[WHAT NEEDS TO BE DONE]
From the line that holds "Латвийский фотограф Эдийс" down to the last line of the listing below, transcribe exactly and only those lines. Leave pictures out.

[SOURCE DATA]

"""

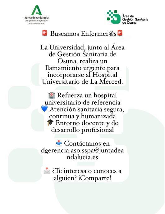 El Área de Gestión Sanitaria de Osuna ha realiza un llamamiento urgente de candidatos para incorporarse al Hospital Universitario La Merced.
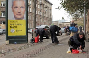 Латвийский фотограф Эдийс Паленс, работающий на агентство LETA, запечатлел предвыборные плакаты политических партий, размещенные на улицах Риги. Своими снимками автор поделился в своем аккаунте социальной сети Facebook.
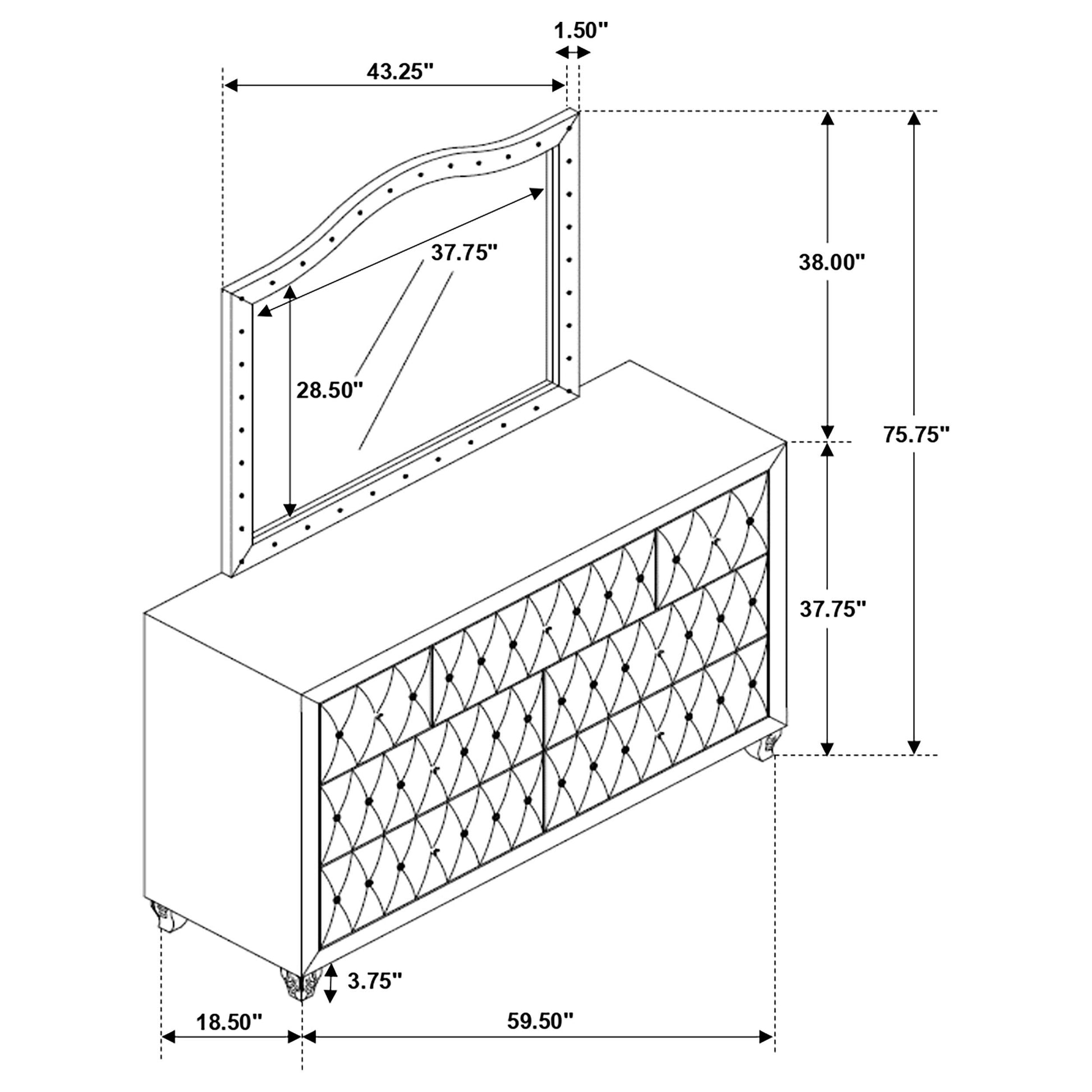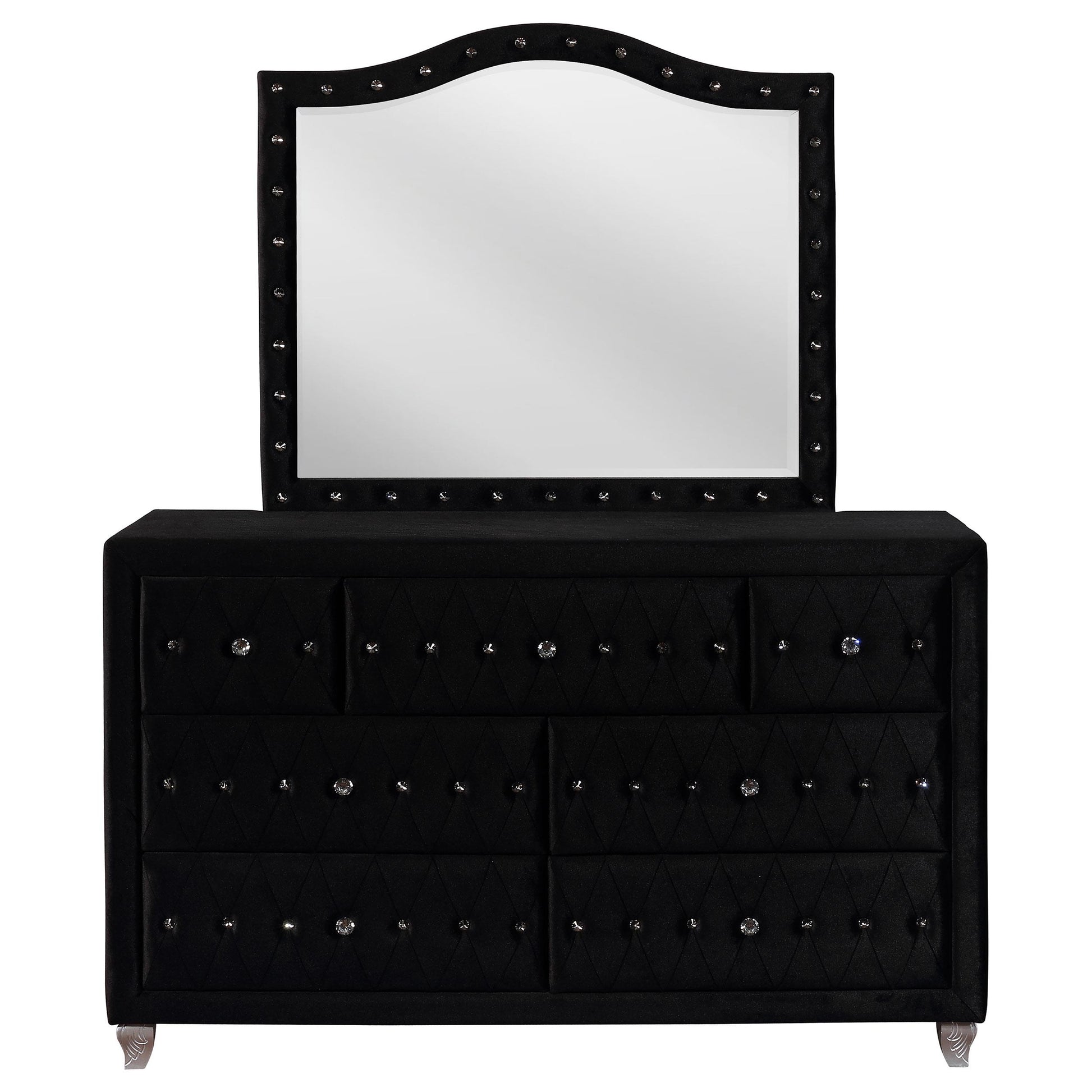 Deanna 7-drawer Upholstered Dresser with Mirror Black
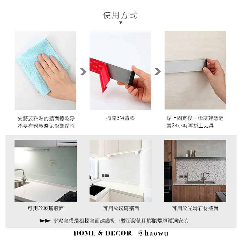 ● 3M黏膠適用牆面:木板牆、不鏽鋼牆面、光滑磁磚、玻璃面、光滑人造石、大理石

"""

[PROBLEM SOLUTION]
 Латвийский фотограф Эдийс Паленс, работающий на агентство LETA, запечатлел предвыборные плакаты политических партий, размещенные на улицах Риги. Своими снимками автор поделился в своем аккаунте социальной сети Facebook.
 Deanna 7-drawer Upholstered Dresser with Mirror Black
 ● 3M黏膠適用牆面:木板牆、不鏽鋼牆面、光滑磁磚、玻璃面、光滑人造石、大理石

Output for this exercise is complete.